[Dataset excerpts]
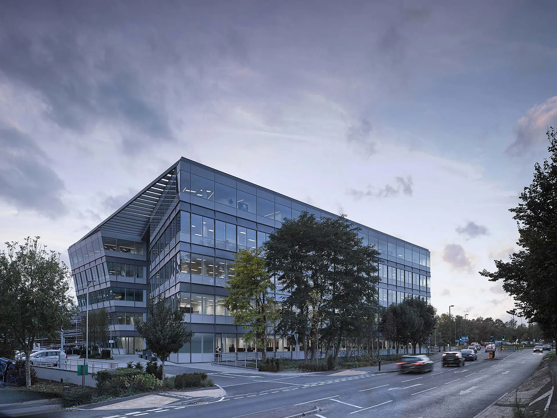 Located within a Flood Zone 3a, flood mitigation has been a key driver for the base build design which has been raised to effectively allow water on and off the site without disrupting the use of the building. The angular form of the architecture presents sharp and defined lines which are reflected in the landscape design. The angled east façade maximises top level floor areas, whilst the fifth floor is column free. The façades are constructed with high performance glazing units within an aluminium curtain walling system, with brise-soleil to the east elevation at roof level over the main entrance.
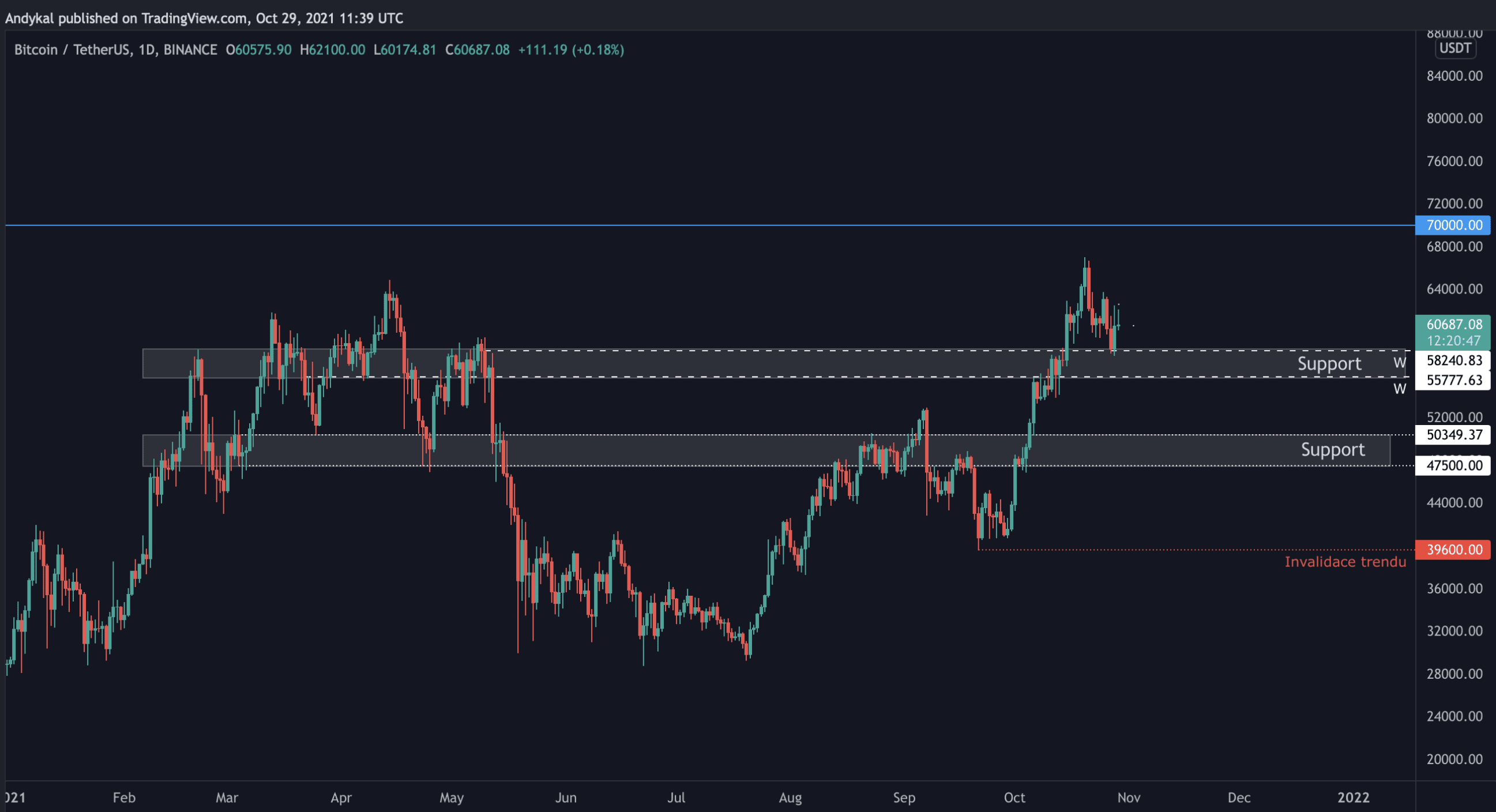 Invalidace dlouhodobého uptrendu BTC je až pod cenovou úrovní 40 000 USD. Pokud uvidíme Bitcoin znovu na těchto cenách, tak opravdu skončil bull market a je možný hluboký pullback až někam ke 20 tisícům. Vzhledem k tomu, že otevírací cena dnešního dne byla přes 60 500 USD, moc pravděpodobné to není.
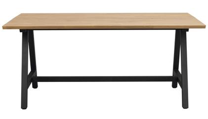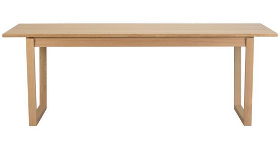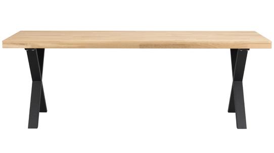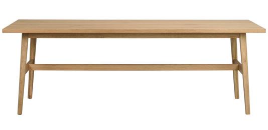 Solid fingerjointed oak in top (25mm), solid oak in full length lamellas in legs and apron. RUBIO-oiled surface treatment.
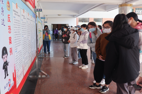 在参观普法展板过程中,湛江市公安局赤坎分局副局长袁志彪向大家介绍了《中华人民共和国反恐怖主义法》相关内容,围绕“恐怖主义的定义”“恐怖主义的一系列活动”“公民、组织的权利与义务”三个方面展开讲解,他以身边的反恐案例号召广大师生积极参与反恐宣传与教育活动,进一步增强“知恐、识恐、防控、反恐”等意识,明确自己作为一个中国公民的责任与义务。
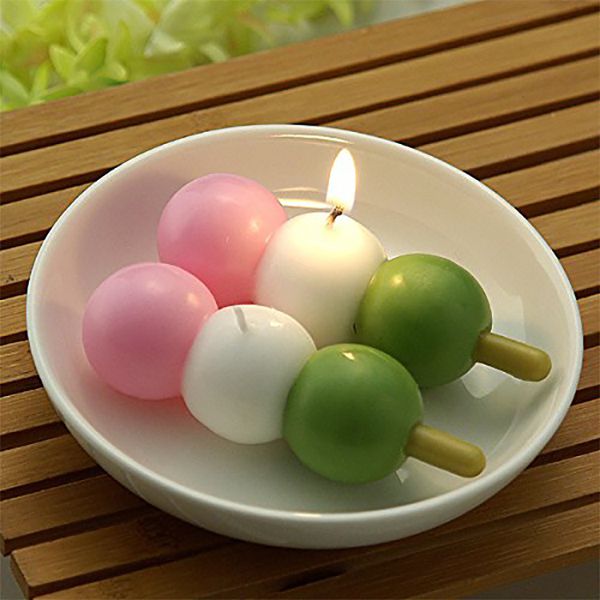 「赤と白は縁起がよく緑は邪気を払う」と昔から言われのある三色団子。火を灯すと甘い香りがふんわり広がります。※ご使用の際は、フィルムを剥がし、笹を取り除き、横に寝かして使用してください。
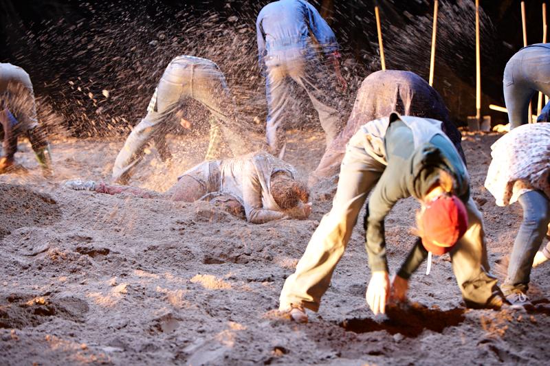 Hier entlädt sich die pure Energie: im Laufen, Marschieren, Fallen – das ist der große Vorteil von Sand: Es tut nicht weh, sich fallen zu lassen, selbst nicht mit dem Gesicht platt nach unten, was slapstickhaft komisch wirkt – , im Boxen, Kicken, Rempeln, Rutschen, Scharren, Werfen, im Schniefen, Spucken, Husten, Keuchen, Japsen: Man hört die Anstrengung, und man soll sie hören: Hier findet eine Verausgabung statt. Aber es gibt auch andere, leise, zarte, poetische, verrückte, skurrile Momente in dieser Sandschlacht zwischen Lust an infantiler Regression und unbedingtem Willen, das zu Boden Ziehende hinter sich zu lassen: Ein Junge formt träumerisch zwei große runde Brüste aus Sand, ein zartes blondes Mädchen, hockt sich neben ihn, zerstört die Männerphantasie, um zwei kleinere runde Hügel zu modellieren: So wortlos schön kann sich die Anpassung des Wunschs an die Wirklichkeit vollziehen. Und man gerät immer wieder ins Entzücken darüber, mit welch einfachen Mitteln hier große ästhetische Wirkung erzielt werden kann. So entstehen mit Förmchen und Schaufeln auch ganz schnell Landschaften aus Städten und Gebirge: Es könnte die Schweiz sein, auf Sand gebaut. (Badische Zeitung)
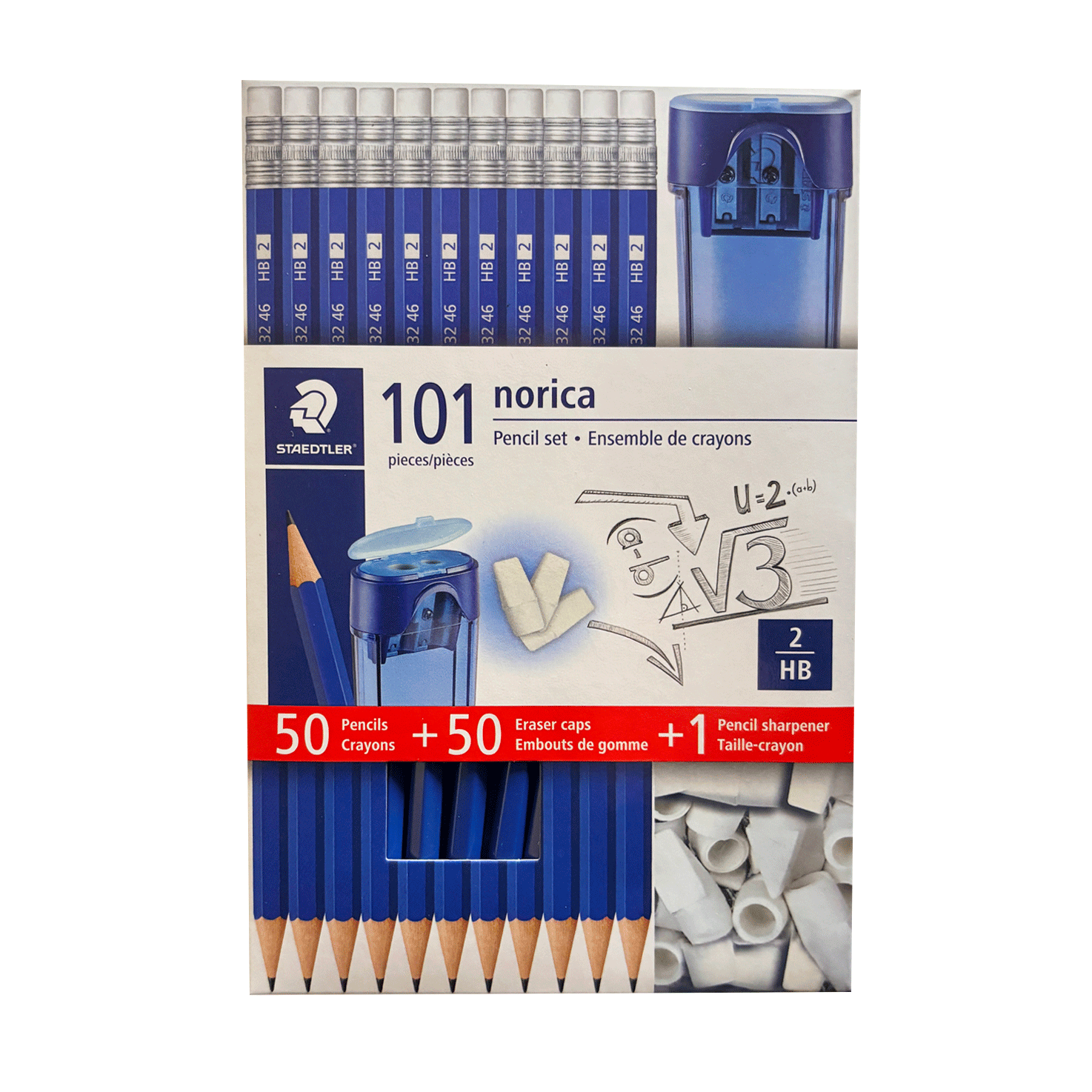 STAEDTLER Norica Pencil Set: 50 Pre-sharpened #2 HB Pencils with 50 Eraser Caps & Double-Hole Sharpener, Break-Resistant Lead, School Pack
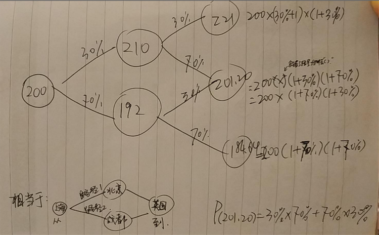 这个老师的回答中,最右边几个式子 200*(1+30%)(1+70%) 为这个200乘以这个概率,是什么意思?不理解 以及最后42怎么算出来的,为什么就变成了 0.3*0.7+0.7*0.3了? 是怎么从上面几个圈圈得到下面的?
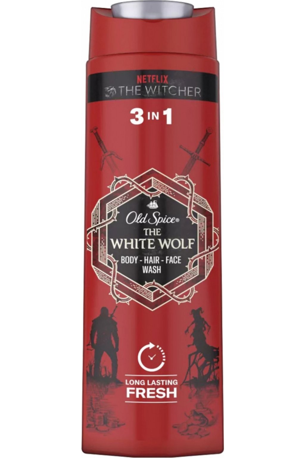 A 2 az 1-ben Old Spice Whitewolf tusfürdő és sampon gyorsan és hatékonyan mossa az egész test bőrét és a hajat is.

- Assignment
All entries must be output exactly as they stand, and every picture must be left out.

- Task solution
 Located within a Flood Zone 3a, flood mitigation has been a key driver for the base build design which has been raised to effectively allow water on and off the site without disrupting the use of the building. The angular form of the architecture presents sharp and defined lines which are reflected in the landscape design. The angled east façade maximises top level floor areas, whilst the fifth floor is column free. The façades are constructed with high performance glazing units within an aluminium curtain walling system, with brise-soleil to the east elevation at roof level over the main entrance.
 Invalidace dlouhodobého uptrendu BTC je až pod cenovou úrovní 40 000 USD. Pokud uvidíme Bitcoin znovu na těchto cenách, tak opravdu skončil bull market a je možný hluboký pullback až někam ke 20 tisícům. Vzhledem k tomu, že otevírací cena dnešního dne byla přes 60 500 USD, moc pravděpodobné to není.
 Solid fingerjointed oak in top (25mm), solid oak in full length lamellas in legs and apron. RUBIO-oiled surface treatment.
 在参观普法展板过程中,湛江市公安局赤坎分局副局长袁志彪向大家介绍了《中华人民共和国反恐怖主义法》相关内容,围绕“恐怖主义的定义”“恐怖主义的一系列活动”“公民、组织的权利与义务”三个方面展开讲解,他以身边的反恐案例号召广大师生积极参与反恐宣传与教育活动,进一步增强“知恐、识恐、防控、反恐”等意识,明确自己作为一个中国公民的责任与义务。
 「赤と白は縁起がよく緑は邪気を払う」と昔から言われのある三色団子。火を灯すと甘い香りがふんわり広がります。※ご使用の際は、フィルムを剥がし、笹を取り除き、横に寝かして使用してください。
 Hier entlädt sich die pure Energie: im Laufen, Marschieren, Fallen – das ist der große Vorteil von Sand: Es tut nicht weh, sich fallen zu lassen, selbst nicht mit dem Gesicht platt nach unten, was slapstickhaft komisch wirkt – , im Boxen, Kicken, Rempeln, Rutschen, Scharren, Werfen, im Schniefen, Spucken, Husten, Keuchen, Japsen: Man hört die Anstrengung, und man soll sie hören: Hier findet eine Verausgabung statt. Aber es gibt auch andere, leise, zarte, poetische, verrückte, skurrile Momente in dieser Sandschlacht zwischen Lust an infantiler Regression und unbedingtem Willen, das zu Boden Ziehende hinter sich zu lassen: Ein Junge formt träumerisch zwei große runde Brüste aus Sand, ein zartes blondes Mädchen, hockt sich neben ihn, zerstört die Männerphantasie, um zwei kleinere runde Hügel zu modellieren: So wortlos schön kann sich die Anpassung des Wunschs an die Wirklichkeit vollziehen. Und man gerät immer wieder ins Entzücken darüber, mit welch einfachen Mitteln hier große ästhetische Wirkung erzielt werden kann. So entstehen mit Förmchen und Schaufeln auch ganz schnell Landschaften aus Städten und Gebirge: Es könnte die Schweiz sein, auf Sand gebaut. (Badische Zeitung)
 STAEDTLER Norica Pencil Set: 50 Pre-sharpened #2 HB Pencils with 50 Eraser Caps & Double-Hole Sharpener, Break-Resistant Lead, School Pack
 这个老师的回答中,最右边几个式子 200*(1+30%)(1+70%) 为这个200乘以这个概率,是什么意思?不理解 以及最后42怎么算出来的,为什么就变成了 0.3*0.7+0.7*0.3了? 是怎么从上面几个圈圈得到下面的?
 A 2 az 1-ben Old Spice Whitewolf tusfürdő és sampon gyorsan és hatékonyan mossa az egész test bőrét és a hajat is.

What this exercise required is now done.